TWITTER BLOGGER SKULLATOR PLIKI COOKIES KANAŁ YOU TUBE KOSTNICA FACEBOOK | |||
UPIORY
SPACERUJĄ NAD WARTĄ - Ryszard Ćwirlej
(o
Upiorach spacerujących nad Wartą) (o
Ręcznej robocie) (o
Mocnym uderzeniu) Czasy PRL-u pamiętam tylko z opowiadań mamy. O wiecznych kolejkach po wszystko, kartkach na żywność i ubranka dla dzieci. O PEWEX-ach, gdzie za zieloną walutę można było nabyć namiastkę Zachodu. Reszty dowiedziałam się z kultowych już filmów Barei, który pokazywał socjalistyczną rzeczywistość w zarazem śmieszny, jak i prawdziwy sposób. Aby uzupełnić ów obraz powinnam jeszcze poczytać komiksy o Kapitanie Żbiku. Jednakże zamiast wspomnianych bestsellerowych „kolorowych zeszytów”, w moje ręce wpadła książka Ryszarda Ćwirleja, zatytułowana „Upiory spacerują nad Wartą”, której fabuła rozgrywa się w niezbyt kolorowej peerelowskiej codzienności.

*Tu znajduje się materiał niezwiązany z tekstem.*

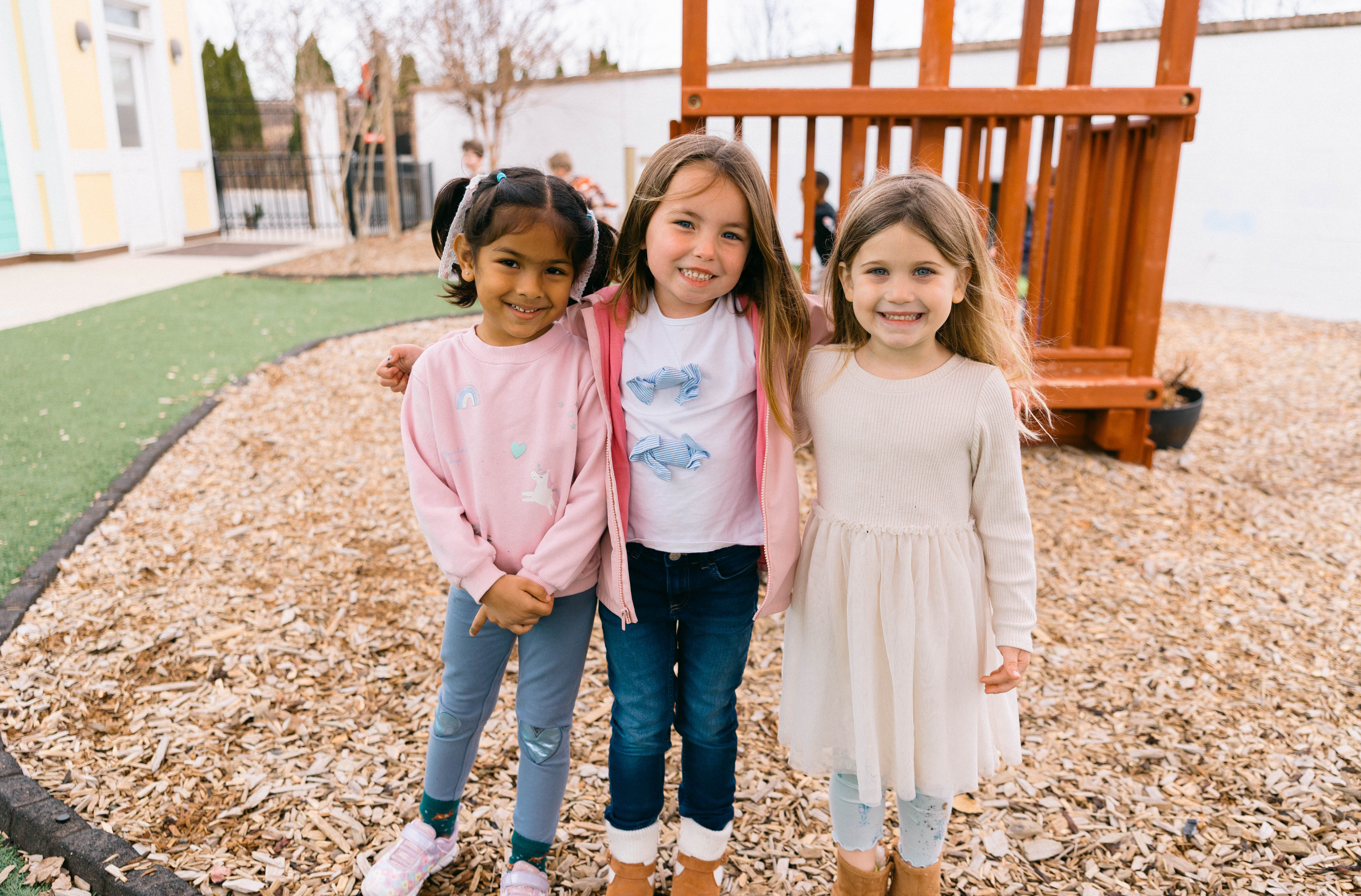 Our campus is thoughtfully integrated into a warm, family-centered community that values connection, convenience, and a meaningful foundation for early learning. Designed to balance intentional teaching with purposeful play, Oak Village offers families an inviting atmosphere and a smooth, supportive daily experience. Inside, our purpose-built facility features dedicated learning studios, inspiring outdoor environments, and carefully curated spaces that encourage exploration, movement, and hands-on discovery—creating a place where children truly thrive.

Poznań 1985 roku. Dwóch wędkarzy znajduje w Warcie bezgłowe zwłoki młodej kobiety z tatuażem na prawym ramieniu. Kilka godzin później grupa milicjantów, w Ostrowie Tumskim, znajduje w rzece odciętą głowę. Wkrótce okazuje się, że nie należy ona do denatki... Po Poznaniu zaczyna rozchodzić się plotka o pojawieniu się Łowcy Głów. Kim jest sprawca i co nim kieruje? Dlaczego w tak brutalny sposób morduje on młode dziewczyny? Przed takim oto problemem, nieznanym dotychczas w PRL-owskiej rzeczywistości, staje grupa dochodzeniowa Milicji Obywatelskiej, którą kieruje kapitan Alfred Marcinkowski. Czas gra na niekorzyść śledczych, bowiem nie wiadomo gdzie i kiedy morderca zaatakuje ponownie, a mimo iż zbrodni dokonano w pobliżu gęsto zaludnionego Osiedla Młodych, nikt nic nie widział i nie słyszał...
– Kto zamawiał ruskie? – krzyknęła w stronę sali konsumpcyjnej bufetowa, (...). – Nikt, sami przyleźli – odpowiedział cichutko Brodziak i obaj milicjanci zaśmiali się głośno z udanego dowcipu.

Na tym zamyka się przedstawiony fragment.